I'll let you translate the read_lock etc ;)

@madcoder @nicolas17 Linux has flock(1), which actually supports both exclusive (-x) and shared (-s) locks, so that would work out of the box.

BSD lockf(1) doesn't seem to yield much over mkdir(1).

So I guess the portable solution would be:

mutex_lock()
{
while ! mkdir "$lck_path.w"; do
sleep 1;
done;
}

mutex_unlock()
{
rmdir "$lck_path.w";
}

write_lock()
{
while true; do
mutex_lock;
if ! [ -s "$lck_path.r" ]; then
break;
fi;
mutex_unlock;
sleep 1;
done;
}

write_unlock()
{
mutex_unlock;
}

read_lock()
{
mutex_lock;
echo >>"$lck_path.r";
mutex_unlock;
}

read_unlock()
{
mutex_lock;
truncate -s -1 "$lck_path.r";
mutex_unlock;
}
  • Lock consists of a directory and a file, side by side
  • Directory acts as s mutex, acquired with mkdir, released with rmdir
  • Mutex must be held for any operations on the file, even read
  • Readers take the mutex, either append to (lock) or remove from (unlock) the file one character/line, then drop the mutex again.
  • Writers take the mutex, then make sure the file is zero-sized. They keep the mutex for their entire work and only drop it once they want to release the write-lock.

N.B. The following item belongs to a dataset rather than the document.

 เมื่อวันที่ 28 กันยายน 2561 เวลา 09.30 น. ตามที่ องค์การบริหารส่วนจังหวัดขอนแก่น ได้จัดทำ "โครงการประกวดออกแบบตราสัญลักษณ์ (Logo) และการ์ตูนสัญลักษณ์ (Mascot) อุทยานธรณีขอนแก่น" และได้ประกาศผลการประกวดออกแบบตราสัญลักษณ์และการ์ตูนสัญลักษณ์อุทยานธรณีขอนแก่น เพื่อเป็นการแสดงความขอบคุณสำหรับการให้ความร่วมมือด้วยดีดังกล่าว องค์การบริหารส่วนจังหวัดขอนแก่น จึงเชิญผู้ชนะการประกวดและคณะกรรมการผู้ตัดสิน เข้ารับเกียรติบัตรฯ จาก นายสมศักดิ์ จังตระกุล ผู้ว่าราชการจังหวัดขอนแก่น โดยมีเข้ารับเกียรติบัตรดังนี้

Of course reader-biased and not very efficient, but... should be safe? truncate might need a manual replacement for systems other than BSD and Linux, but ehh...

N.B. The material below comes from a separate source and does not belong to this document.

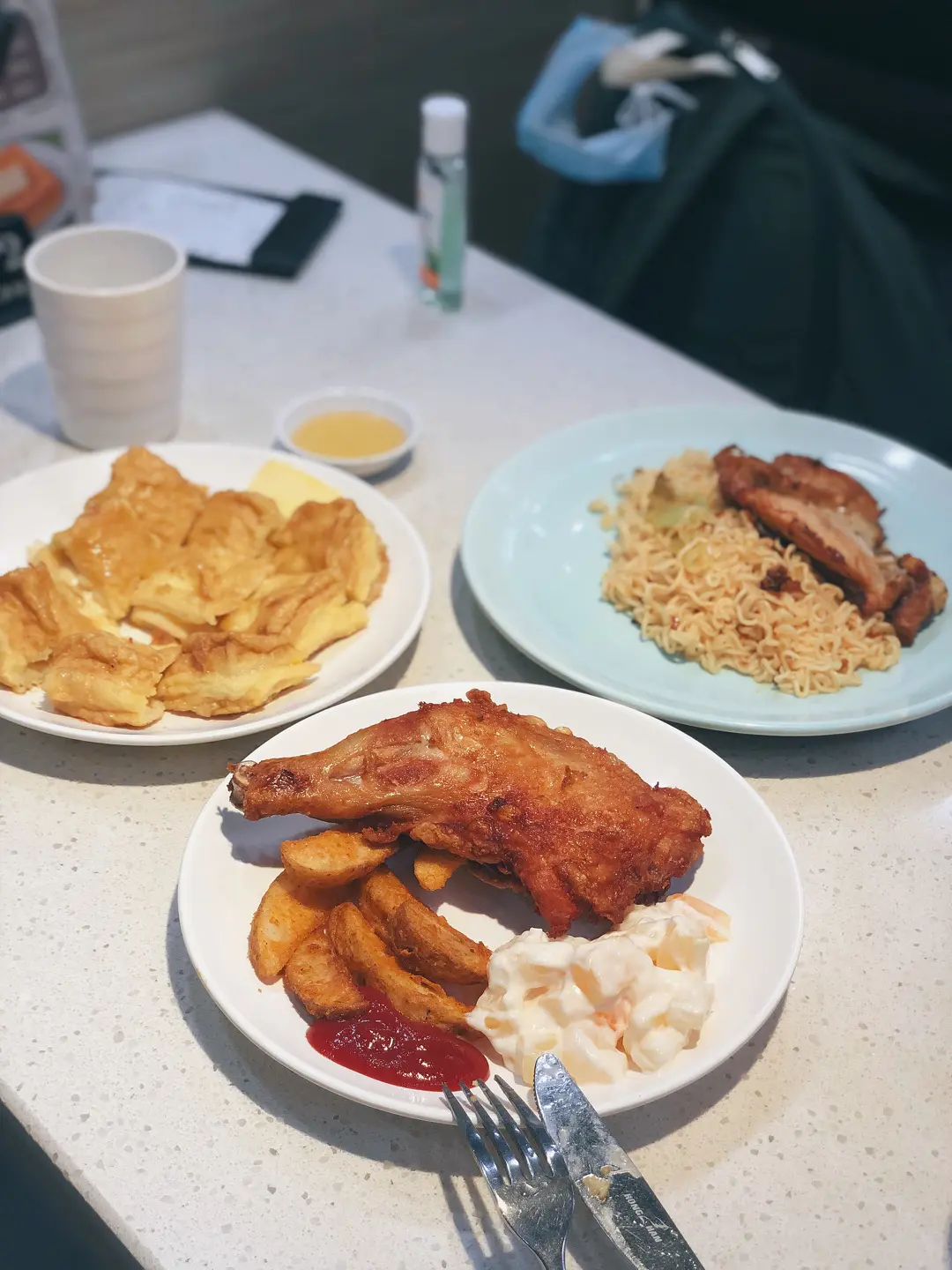 雞髀拼沙律薯角及凍飲品🍗

@madcoder @nicolas17 using files vs directories is a very elegant solution, and on Linux this might actually work... but on BSD, mv -n is not atomic, so two writers could race each other. I know the renameatx_np syscall supports RENAME_EXCL, but mv doesn't use that. I'm not entirely sure that GNU mv -n is atomic, but at least there is a RENAME_NOREPLACE in some code it calls into, so it's at least plausible.
@siguza @nicolas17 thank you. I was proud of myself I shall say
@siguza @nicolas17 and what you want is not rename really it’s creating the file. Touch(1) didn’t seem to give you any way to do that. I didn’t look at other ways to do it.